= Beginning of Section =
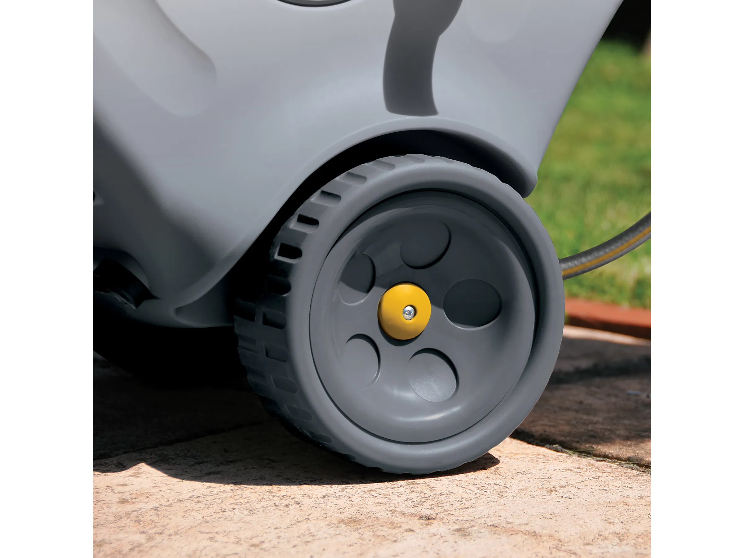 Das geschlossene Gehäuse schützt den Schlauch vor Witterung und Verschmutzungen. Nach dem Gebrauch sorgt der leichtgängige Aufrollmechanismus mit großem Handgriff und Schichtsystem für ein ordentliches, knickfreies Einlegen des Schlauchs. Zubehör wird direkt am Wagen verstaut – griffbereit und aufgeräumt.
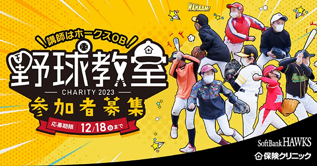 1月29日(日)に福岡市で開催する、全国で約250店舗を展開する保険ショップ『保険クリニック』による小学生向けチャリティ野球教室の参加者を募集します。当日はホークスOBが講師となって直接子どもたちへ指導します。
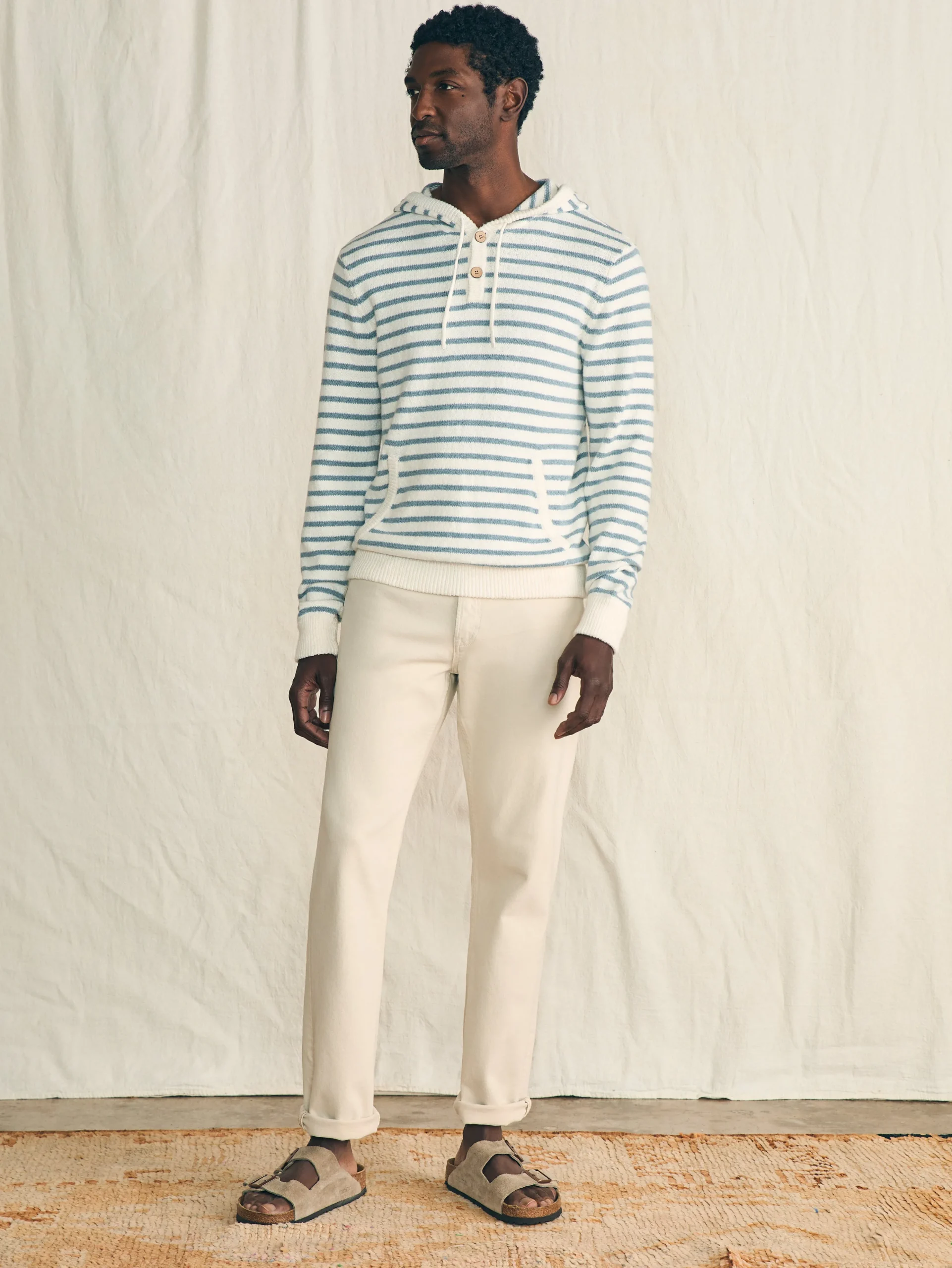 Knit from incredibly soft cotton for the best in cozy breathability, the Cove Sweater Hoodie is a true Faherty classic. The handsome stripe pattern and subtle sky-inspired colors are knit from six different shades of yarn for the perfect laid-back look. Throw it on for your next stroll down the beach, night under the stars, or whenever you find yourself sitting fireside.
= End of Section =
Leave every picture out, and transcribe the data above exactly as it reads.

 Das geschlossene Gehäuse schützt den Schlauch vor Witterung und Verschmutzungen. Nach dem Gebrauch sorgt der leichtgängige Aufrollmechanismus mit großem Handgriff und Schichtsystem für ein ordentliches, knickfreies Einlegen des Schlauchs. Zubehör wird direkt am Wagen verstaut – griffbereit und aufgeräumt.
 1月29日(日)に福岡市で開催する、全国で約250店舗を展開する保険ショップ『保険クリニック』による小学生向けチャリティ野球教室の参加者を募集します。当日はホークスOBが講師となって直接子どもたちへ指導します。
 Knit from incredibly soft cotton for the best in cozy breathability, the Cove Sweater Hoodie is a true Faherty classic. The handsome stripe pattern and subtle sky-inspired colors are knit from six different shades of yarn for the perfect laid-back look. Throw it on for your next stroll down the beach, night under the stars, or whenever you find yourself sitting fireside.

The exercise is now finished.